As of now, only a few frameworks exist to implement it, since it’s a fairly new concept. TensorFlow has developed its own version called TensorFlow Federated. PyTorch has yet to get its own implementation, but they do exist compatible frameworks such as PySyft, developed by OpenMined, and Flower which will be the main focus of this post.

Why use Flower:

Flower is a recent framework for Federated Learning, created in 2020. Contrary to TensorFlow Federated and PySyft which are linked to a single framework, Flower can be used with all of them by design. It focuses on giving tools for applying Federated Learning efficiently and allows you to focus on the training itself. Implementing a basic Federated setting with Flower is really simple (20 lines of code is enough) and the rewriting needed to adapt a centralized code to a federated one is minimal.

As well, the range of compatible devices is quite large: from mobile devices, to Raspberry Pi, servers and others. Its architecture also allows scalability up to 1000s of clients as shown in their paper [6]. It is overall a really great framework to experiment with.

The GPU problem:

If you want to emulate a federated learning setting locally, it’s really easy to scale to as much clients as your CPU allows you to. For basic models, CPU is more than enough and there is no need to extend training on GPU. However when using bigger models or bigger datasets, you might want to move to GPU in order to greatly improve the training speed.

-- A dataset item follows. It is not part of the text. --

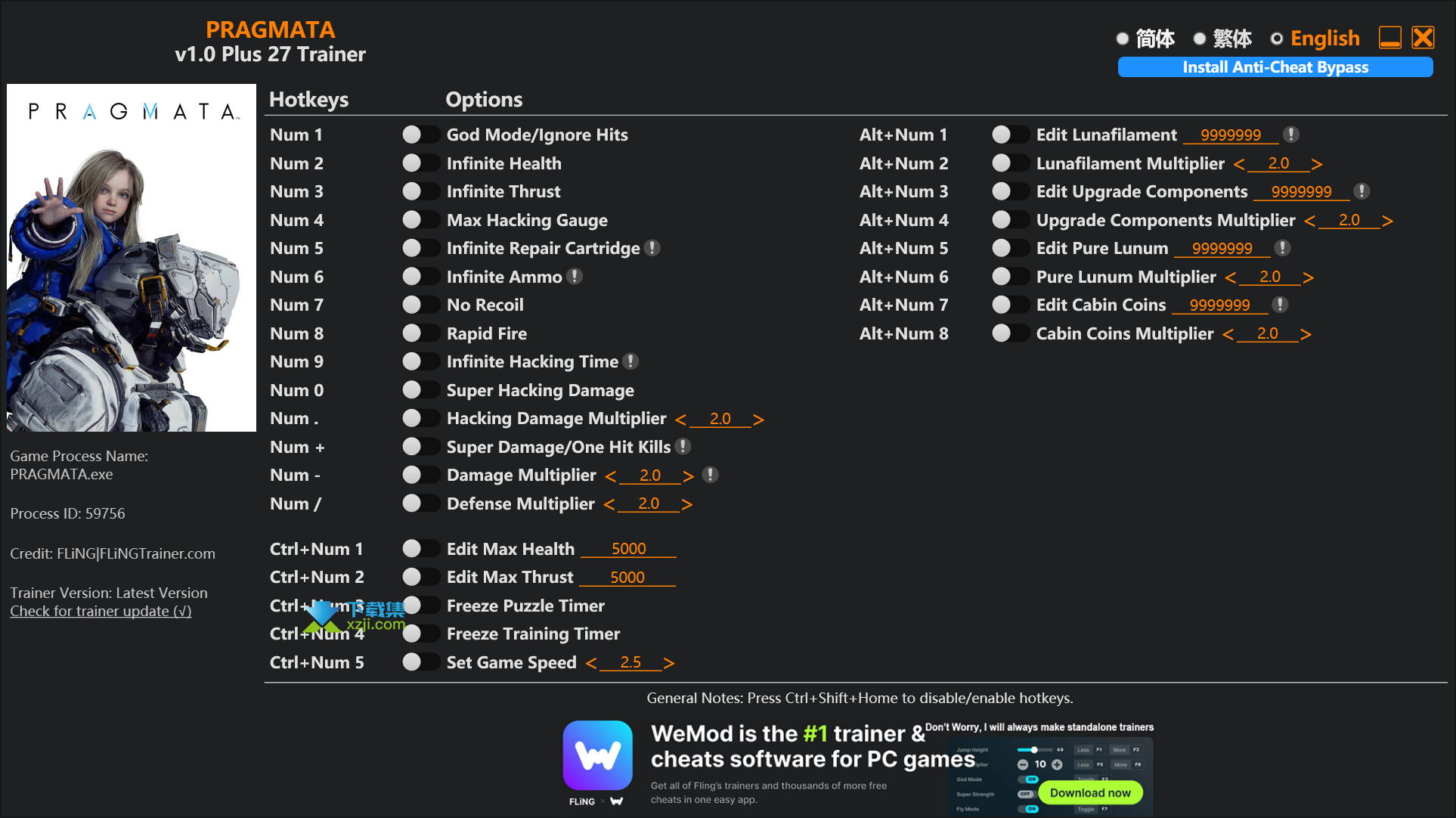 识质存在修改器PRAGMATA,包含27项功能,如无限生命、无限推进力、无限子弹等,玩家下载后,可以免费使用所有功能。
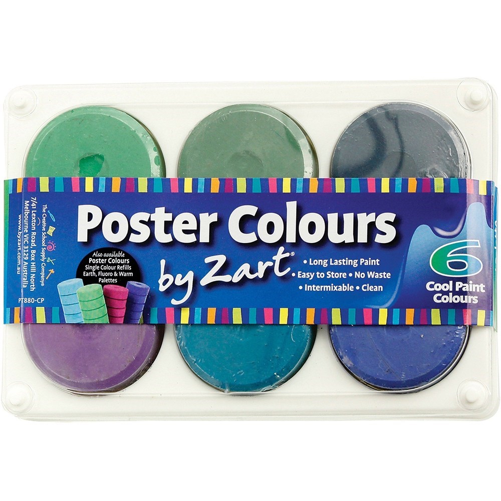 Zart Poster Colours Paint Assorted Cool Colours Pack of 6

This is where you can encounter a problem in scaling your Federated setting. Indeed, unlike some other frameworks, Flower’s goal is to allow easy deployment from research/prototype to production so they treat clients as independent processes. Additionally, when accessing the GPU, CUDA will automatically allocate a fixed amount of memory so that it has enough room to work with before asking for more.

However, this memory can’t be freed at all, at least not until the process exits. This means that if you are launching 100 clients and sample 10 of them per round and are using the GPU, every time a client will access it, there will be leftover memory that can’t be released and it will keep growing as new clients are sampled. In the long term, your GPU needs as much memory as there are clients launched.

Here is a short code snippet that shows the problem, ran on Google Colaboratory:

Monitoring memory shows that there is a leftover of 7% even after clearing out memory used by PyTorch. Image by author.
Monitoring memory shows that there is a leftover of 7% even after clearing out memory used by PyTorch. Image by author.

How to solve the issue:

This problem that you might have encountered, can be solved quite easily. Since the memory is not released until the process accessing it is released, then we simply need to encapsulate the part of our code that need to access the GPU in a sub-process, waiting for it to be terminated until we can continue to execute our program. Multiprocessing is the solution, and I will show you how to do it using PyTorch and Flower.

Since this example is based on the Quickstart Pytorch tutorial from the Flower documentation, I highly recommend to check it out before continuing, since it shows the basics.

Helper file

First we’re gonna build ourselves a _flowerhelpers.py file where we’ll put some functions and classes that will come handy later. Starting with the imports, we have:

Basic imports: torch imports for working on CIFAR10 and a flower strategy import since we will need to slightly change the FedAvg strategy for our use case. We then define the device on which we want to compute the training and test steps:

Next, we need to define how we’re going to load the data:

A simple CNN model from "PyTorch: A 60 Minute Blitz":

So far, nothing changed from the original flower tutorial, from now on things are going to become different. Since we can’t keep the model in the client’s memory, we need to define a way to get our model’s weights so that the client can keep track of them. For that we move the get_parameters and set_parameters function from the flower tutorial and put them in our helper file:

Now we can define the training function that will be called every time a client wants to train its model:

This function takes three parameters, the number of local epochs we want to train, the new parameters of the global model and a return dictionary that will act as our return values to give back to the client the updated model, the size of the local dataset and other metrics we’d like to include like the loss or accuracy. Same goes for the testing function:

Finally, we need to define our custom strategy. These are not mentioned in the QuickStart tutorial but strategies are the classes that determine how the server will aggregate the new weights, how it will evaluate clients, etc. The most basic strategy is the FedAvg (for Federated Averaging [1b]) which we will use to implement our own. Flower already gives you a way to define the number of clients you want to use to evaluate your model through the initial parameters of the FedAvg strategy, however this is only true for evaluations carried between each round.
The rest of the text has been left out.